Tuesday, December 23, 2008

Trick Trick Plays "The Villain"
Artist: Trick Trick
Album: The Villain
Koch Recordings, 2008

Chris Mathis, aka 'Trick Trick', has a history of being a Detroit-area underground/local rap personality since the 1990s, and is a contemporary of people who have since come to national prominence like Kid Rock and Eminem. “The Villain” is his second official LP on a mainstream label.

Music-wise, the bulk of production on the album is credited to the artist, incorporating live keyboard and funk-bass riffs with drum-machine rhythm tracks. It will bring to mind post-millennial West Coast hip-hop. Lyrically, the usual targets are here as befits gangster-rap standards (player haters, cops, disloyal associates), amidst shout-outs to Detroit neighborhoods and Trick’s extended posse the Goon Sqwad.

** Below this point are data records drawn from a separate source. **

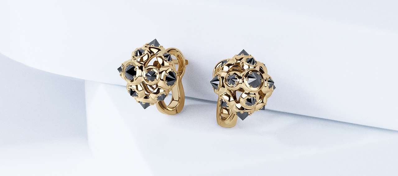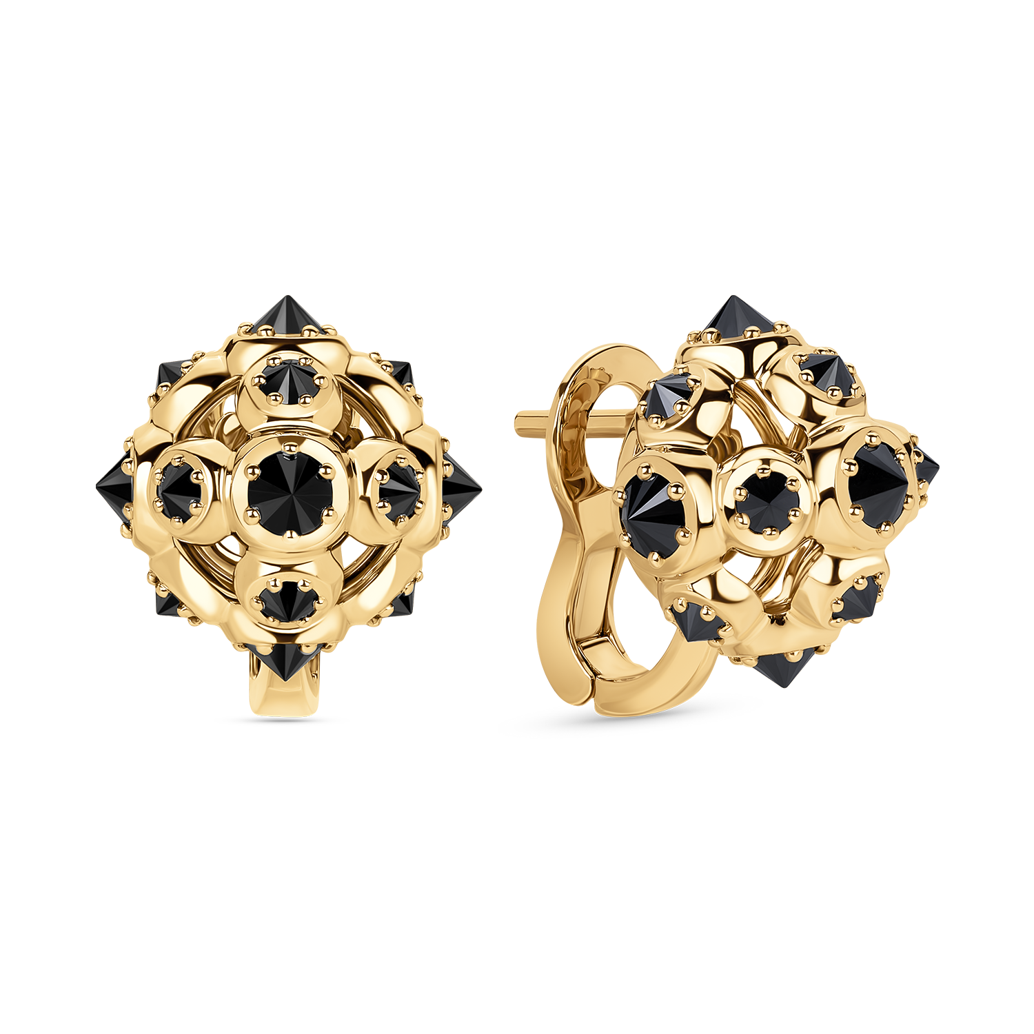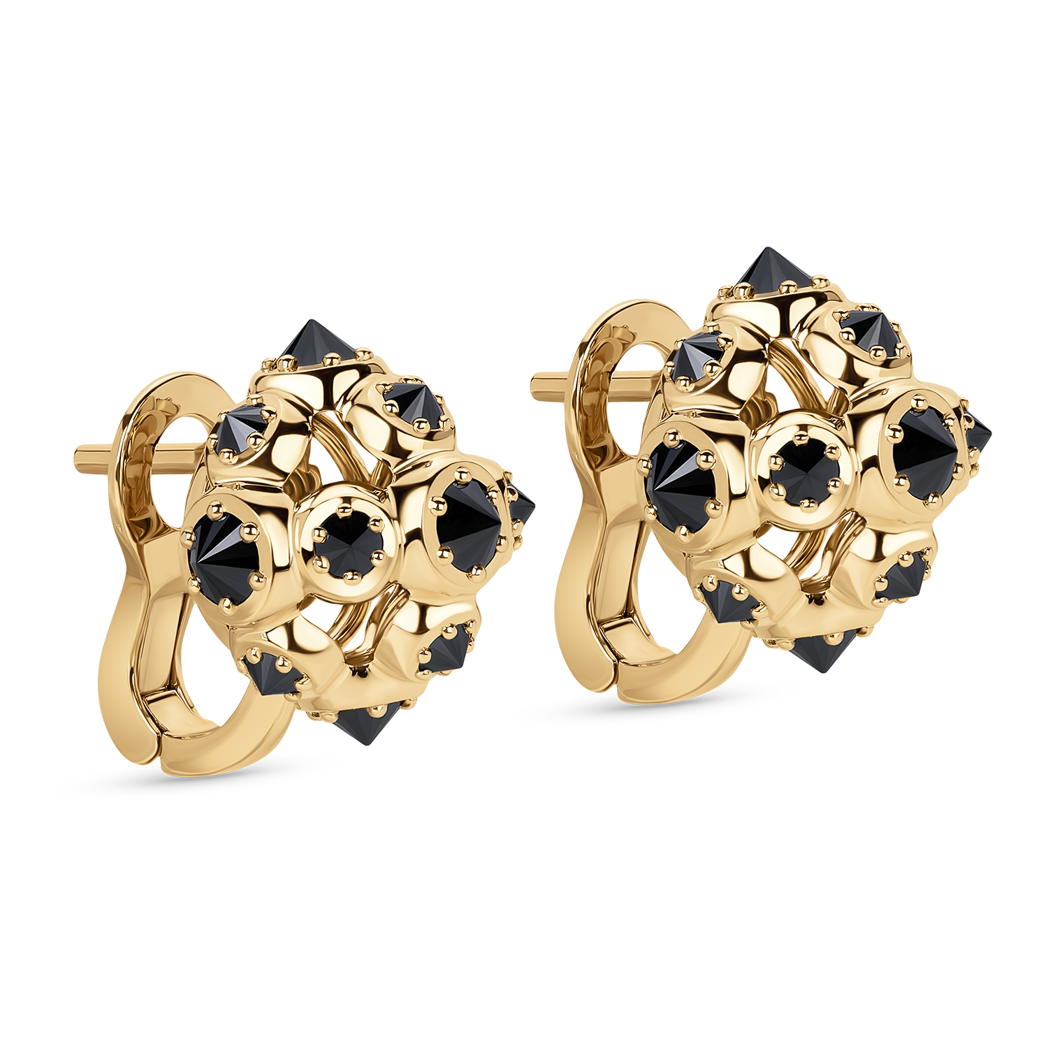 Серьги «Ежевика» из желтого золота 750 пробы с черными бриллиантами. Коллекция «Сказочный лес».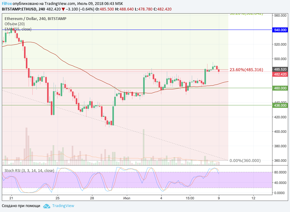 Вчера Ethereum на подходе к отметке 500.00 USD, установил локальный максимум в точке 495.00 USD. После этого стохастик нарисовал сигнал на снижение. Цена откатилась ниже уровня фибоначчи 23.6% (485.31 USD) и продолжает снижаться. Полагаем, что сегодня глубина отката не превысит уровень средних цен, а попытки закрепиться выше сопротивления 23.6% фибо (485.31 USD) возобновятся.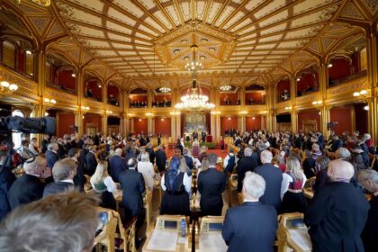 Bildet er fra sist gang stortinget samlet seg for første gang etter…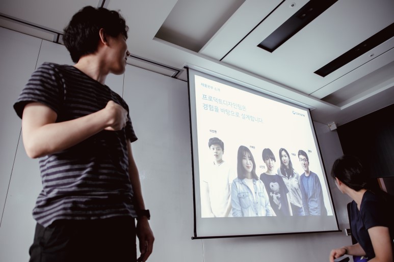 코인원 CPO가 소속 팀과 크루들을 소개하고 있어요.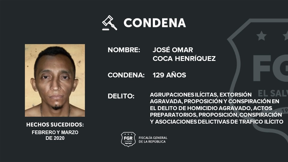 Otra sentencia impuesta es la de José Omar Coca Hernández, quien deberá permanecer en prisión 129 años por cuatro delitos entre homicidios, extorsiones, entre otros.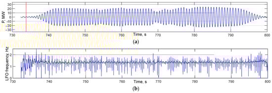 The following methods can also be used for the analysis of the LFO: the fast Fourier transform (FFT) [49], the Prony transform (PT) [50], and the Wavelet transform (VT) [51]. However, each of these methods has its limitations. For example, PT and FFT can be used only for stationary signals, while VT cannot be effectively used for the analysis of the LFO due to the time-consuming procedure of selecting a basic Wavelet. In [52], the application of the Hilbert–Huang method for real-time analysis of LFO is proposed. However, the proposed method has a number of disadvantages associated with the complexity of processing narrowband signals; the detection of intermittent oscillations and the analysis of close dominant modes are also difficult. In the study [53], the Pseudo-Newton method was used for the analysis of the LFO, which cannot be used in real-time due to the significant number of iterations of the calculation. The authors of the study [54] proposed the Analytical Modal Decomposition (AMD) method, which is similar to EMD but has a simpler structure and high reliability. However, for this method, there is still the problem of analyzing narrowband signals.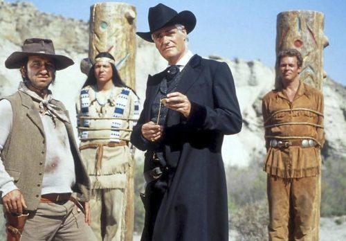 Kult: „Der Schuh des Manitu“ mit (v. li.) Rick Kavanian, Michael „Bully“ Herbig, Sky du Mont und Christian Tramitz. © ProSieben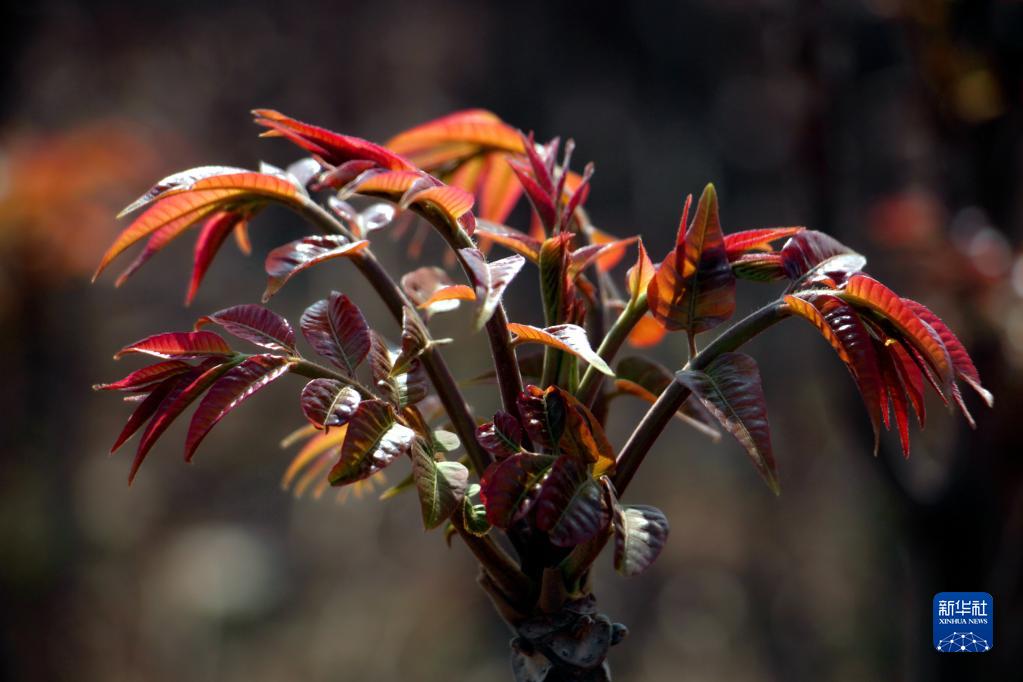 3月29日,紅綠相間的香椿芽長(cháng)勢喜人。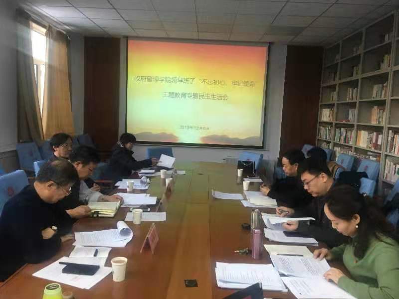 党总支在文史楼资料室召开处级领导干部“不忘初心、牢记使命”主题教育专题民主生活会,政管院班子成员参加会议,非党员班子成员、学院环节干部及非党员代表列席会议,副校长王来喜、校党委第三指导组石晶瑜、王瑞昌、刘新春到会指导。会议由政管院党总支书记樊荣忠主持。

Perhaps incredibly, Trick also includes Rosie O’Donnell and Ellen Degeneres on his list of folks to be mad at (on the self-referential “Trick Trick”).

Trick Trick enlists various Detroit-based friends for collaborations on the album. Among them include Eminem, who contributes vocals to “Who Want It” (he also produces here as well as on “Follow Me”). Royce Da 5-9 guests on “All Around the World”. “2 Getha 4 Eva” is a posse cut featuring Kid Rock (who contributes a now-rare rap verse), Esham and the late Proof of D-12, updating Run-DMC’s “Together Forever”. Other collaborations include “Let it Fly” with Ice Cube, who makes a humorous reference to a recent political scandal involving a former Detroit mayor. One of the best songs on the LP is “Hold On”, produced by Dr. Dre’, which should have been a lead single.

One of the closing songs on the album is “Let Go” where Trick reminisces about his spiritual journey and belief in higher power. That this track is preceded by over 40 minutes of violent threats may come across as disingenuous, but like DMX before him, one can only presume that Trick is being sincere.

If there is a downer on this album it’s the relentless homophobia on certain songs. It may be par for the thug-culture worldview, but if Eminem can work with Elton John and not blink… In any case, hardcore rap enthusiasts will find a standard-bearer in Trick Trick, but this is likely not the LP to make him a breakout star like his pals.

Grade: B

Monday, November 24, 2008

MC BREED: 1972 - 2008

Flint, Michigan-bred hip-hop performer MC Breed has died. Just this past weekend, public statements confirmed his death in Ypsilanti, Michigan.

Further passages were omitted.